StableRep: Synthetic Images from Text-to-Image Models Make Strong Visual Representation Learners
Yonglong Tian, Lijie Fan, Phillip Isola, Huiwen Chang, Dilip Krishnan
TL;DR
This work investigates learning visual representations from synthetic images produced by text-to-image models, using Stable Diffusion prompts and a novel multi-positive contrastive objective, StableRep. It demonstrates that SSL on synthetic data can match or exceed real-data SSL, and that language supervision further boosts transfer, even surpassing CLIP under certain scales. The key contributions include (i) showing synthetic data viability with optimal guidance scales, (ii) introducing a multi-positive loss that leverages multiple images per caption, and (iii) demonstrating strong linear transfer and few-shot performance across diverse datasets, with favorable comparisons to CLIP when prompts and captions are aligned. The findings suggest a promising direction for reducing real-data requirements in representation learning, while highlighting limitations such as semantic alignment, speed, and biases inherent to generative models.
Abstract
We investigate the potential of learning visual representations using synthetic images generated by text-to-image models. This is a natural question in the light of the excellent performance of such models in generating high-quality images.

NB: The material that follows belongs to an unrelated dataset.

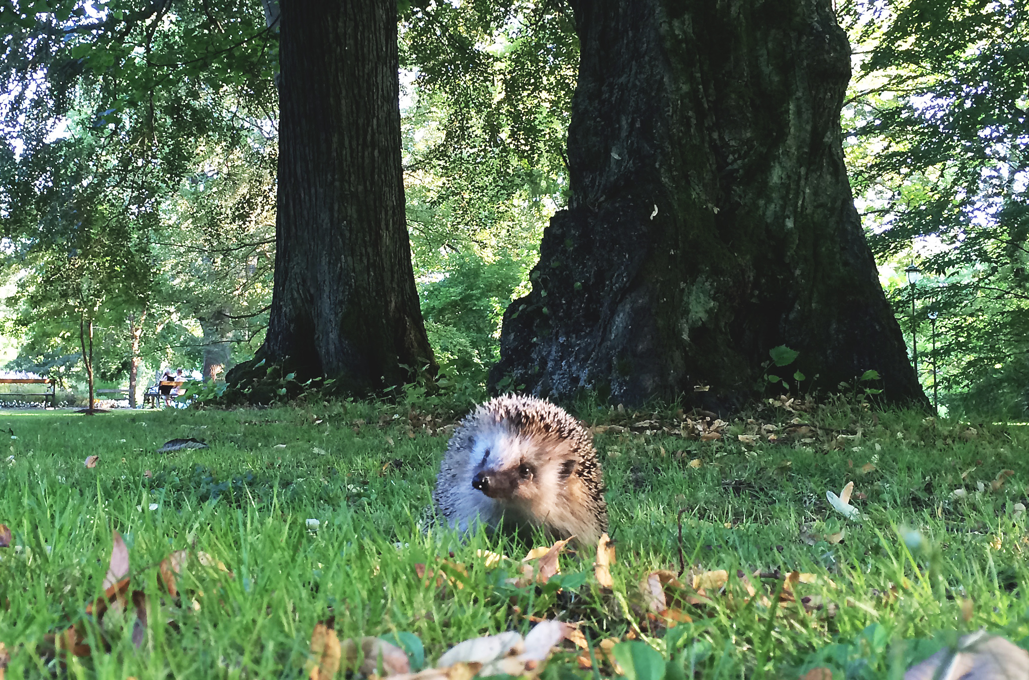 Vi gick närmare varandra och när jag kom lite för nära rullade den ihop sig till en boll och blåste upp sig. Jag satte mig ner några meter bort och efter en kort stund kikade nosen ut, tittade nyfiket på mig och promenerade vidare i parken.

We consider specifically the Stable Diffusion, one of the leading open source text-to-image models. We show that (1) when the generative model is configured with proper classifier-free guidance scale, training self-supervised methods on synthetic images can match or beat the real image counterpart; (2) by treating the multiple images generated from the same text prompt as positives for each other, we develop a multi-positive contrastive learning method, which we call StableRep. With solely synthetic images, the representations learned by StableRep surpass the performance of representations learned by SimCLR and CLIP using the same set of text prompts and corresponding real images, on large scale datasets. When we further add language supervision, StableRep trained with 20M synthetic images achieves better accuracy than CLIP trained with 50M real images.